Audemars Piguet introduced the world’s first perpetual calendar wristwatch with the leap year indication in 1955. Since then the brand has produced many more and last year it scored big with the launch of the Royal Oak Perpetual calendar in yellow gold. This year the brand from Le Brassus went a step further to combine a classical complication like the perpetual calendar with a modern material like ceramic to create Royal Oak Perpetual Calendar Ceramic, the first Royal Oak with a non-metallic case.

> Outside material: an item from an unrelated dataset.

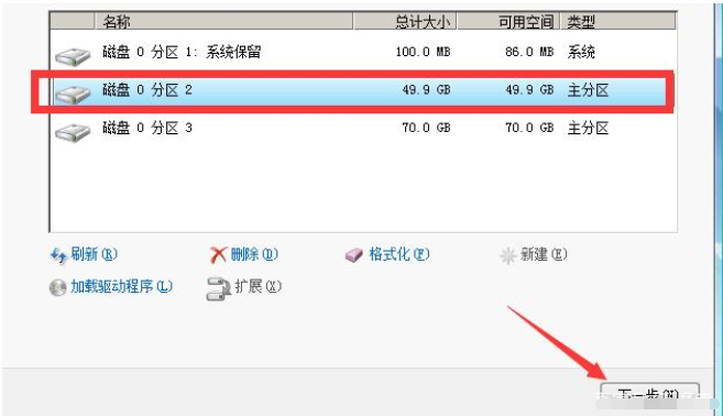 7、如果是已经分好区的硬盘,而且有重要数据的情况下,此处一定不要选择删除分区的选项,否则电脑内的数据不保。继续选择分区2,注意,系统保留分区下面的第一个分区是默认的c盘,系统是需要安装在这个分区下的,选择它,点击下一步。

Wrist shot of the AP Royal Oak Perpetual Calendar Ceramic

Using hand-finished black ceramic, Audemars Piguet has created a striking new addition to the iconic line that’s extremely light and comfortable on the wrist. Ceramic has been used in watches for a number of reasons, thanks to its resistances to high temperatures, thermal shocks, aging and the fact that the material is virtually scratch-proof. However, it was a challenge to produce the watch and bracelet in matching ceramic. It took more than 600 hours of R&D and more than 30 hours to machine, polish, hand-finish and assemble a bracelet, a procedure that’s five time quicker when made using stainless steel. The black ceramic case is a modern 41 mm and has a mix of polished and brushed surfaces. It is impressive to see how well the brushed and polished surfaces sit on the bracelet. 

The case and bracelet use matching hand-finished ceramicThe dial, with “Grande Tapisserie” pattern, is slate gray with black counters and displays a photo realistic astronomical moon that contrasts with all of the black components of the piece. The day, date, month, astronomical moon, week of the year is displayed on the dial’s outer chapter ring and the essential leap year indication is at the center of the dial. 

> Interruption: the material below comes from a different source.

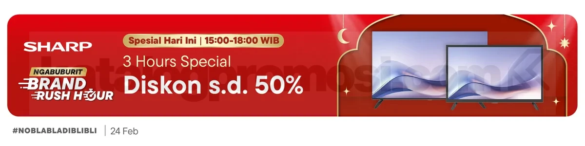 Promo Sharp Ngabuburit Brand Rush Hour diskon hingga 50% untuk produk elektronik impian dengan checkout jam 15.00 WIB berlaku 24 Februari eksklusif di Blibli.

This watch is powered by Caliber 5134, a movement that evolved from the Caliber 2120/2802 used for the 39 mm Royal Oak perpetual calendar. The key difference is the addition of a 52 week indicator. The Royal Oak is an iconic sports watch and introducing a new model with a perpetual calendar in ceramic was bound to get collectors excited. After huffing and puffing about the price (it costs as much as the yellow gold version), expect them to get on waiting lists.